A subsequent study found the BINS to possess a sensitivity of 70% and a specificity of 71% when a population of infants born prematurely was screened at 12 and 24 months.38
Both studies used the Bayley Scales of Infant Development–II as the gold standard. The BINS requires only about 10 minutes to administer, but requires experience in standardized assessment and familiarity with infant development.39 A recent study found the BINS insensitive in the detection of developmental delays as compared with the Bayley Scales of Infant Development–II in environmentally at-risk children at ages of 6 months and 12 months.40
Tests of questionable value
Denver–II
The Denver Developmental Screening Test (DDST) was introduced in 1967. Research has consistently found it lacking in sensitivity. In response to this criticism, a revised version, the Denver II, was released in 1992.41
The Denver II is the most commonly used developmental screening tool.6 It combines direct observation and parental report. The tool consists of 125 items, organized into 4 developmental domains: gross motor, fine motor/adaptive, language, and personal/social. Items are displayed in bars that indicate the ages in which 25%, 75%, and 90% of children in the standardization study mastered a given task. A Denver test kit consists of scoring pads, materials used in eliciting skills, and a technical manual that details the appropriate administration and scoring of the test. Thirty-one percent of items can be addressed by parental report; the remainder requires observation of elicited skills.42
Though the Denver II used more than 2000 children to establish normative data, all of them were from Colorado, undermining our ability to generalize this data to a more heterogeneous population. Furthermore, both versions of the test were published without data on the test’s validity, sensitivity, and specificity. The authors have instead relied on the significance of a child falling outside of the normal range as evidence of delay. This approach has been criticized.
Two studies have examined the validity of the Denver–II. In 1992, Glascoe et al43 studied a demographically representative sample of 102 children and found that though the Denver II had a high sensitivity (83%), it had an unacceptably low specificity (43%). Attempts to improve specificity through categorizing questionable/untestable scores as normal raised specificity to 80%, but at the expense of sensitivity, dropping it to 56%.43 Assuming a 16% prevalence of developmental disorders, the low specificity of the Denver–II would produce suspect scores in nearly 3 out of 5 children tested, but true problems could only be expected to be found in 1 of 4 children with suspect scores.
A follow-up study of 89 children by Glascoe and Byrne44 found the Denver–II to possess excellent sensitivity (83%) but similarly disappointing specificity (26%), producing a positive predictive value of 28% in the study population (20% prevalence of disabilities).
In both studies, a battery of tests similar to those used to determine eligibility for special services were used as the gold standard. Properly performed, administration of the Denver–II requires approximately 20 minutes.42 Shortened versions or informal scoring of the Denver–II can only further degrade the questionable validity of this measure.

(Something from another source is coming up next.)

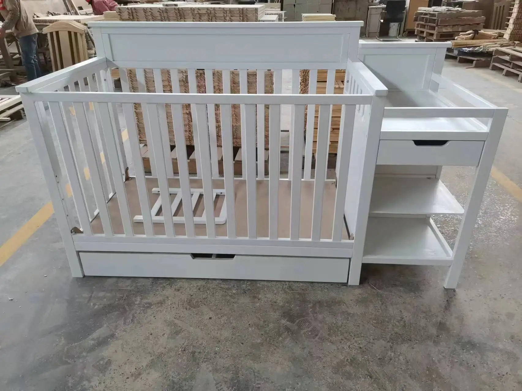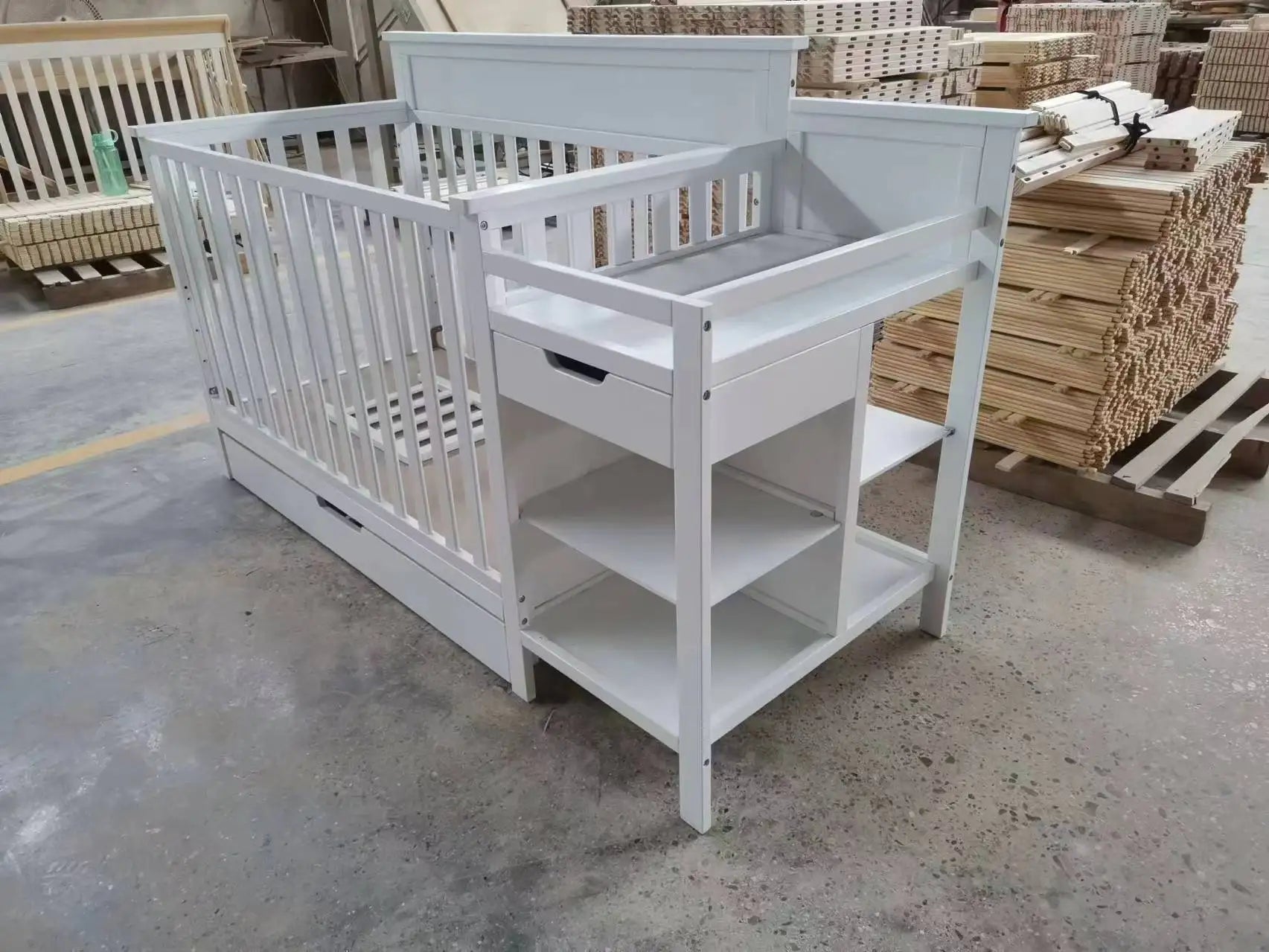This Kids Baby Cot Bed with Drawers and Diaper Hanging Storage Crib is the perfect blend of functionality and style for your little one's nursery. Designed with modern aesthetics in mind, this eco-friendly kids' furniture set is available in a natural color or can be customized to suit your decor needs. Crafted from premium materials such as beech, pine, plywood, solid wood, and MDF, it ensures durability and safety for your child.
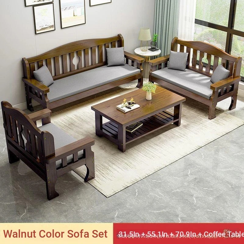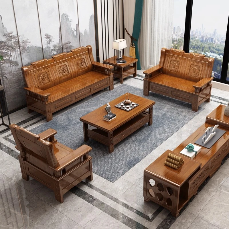 Walnut Solid Wood Sofa Set - Modern Chinese Style Living Room Furniture for Small to Medium Homes - Includes Sofa, Coffee Table, and TV Stand

Child Development Inventories
The Child Development Inventory or CDI, formerly known as the Minnesota Child Development Inventory, was created to provide a systematic, standardized method for parents to report on their children’s strengths, problems, and present development. The original 300-item instrument has been broken down into instruments that apply to 3 age intervals.
The CDI measures a child’s development in 8 areas: social, self-help, gross motor, fine motor, expressive language, language comprehension, letters, and numbers. It consists of a 300-item booklet and answer sheet for the parent to complete and a profile sheet for recording the results. It was standardized on a sample of 568 children from South St. Paul Minnesota, a predominantly Caucasian, working-class community near a large metropolitan area.44
Parents complete the questionnaire by circling Yes/No responses to the statements. Children are considered “borderline” if their CDI scores are 25% below chronological age (1.5 standard deviations [SD] below the mean) and “delayed” if their scores are >30% below chronological age (2.0 SD). The CDI has been researched in presumed normal populations and in high-risk populations such as children born prematurely.
In a high-risk population of infants and children, it was found to have a sensitivity of 80% and specificity of 96% for detecting developmental delay (ie, CDI scores >2.0 SD below the mean) when compared with to the Bayley Scales of Infant Development–II, using 2 SD below the mean as the cutoff.45 It seems to have particular utility for screening at-risk children even when applied to a population of low socioeconomic status and low education level.46 In addition to validity, good predictive value has been established for future cognitive, reading, academic, intellectual, and adaptive functioning.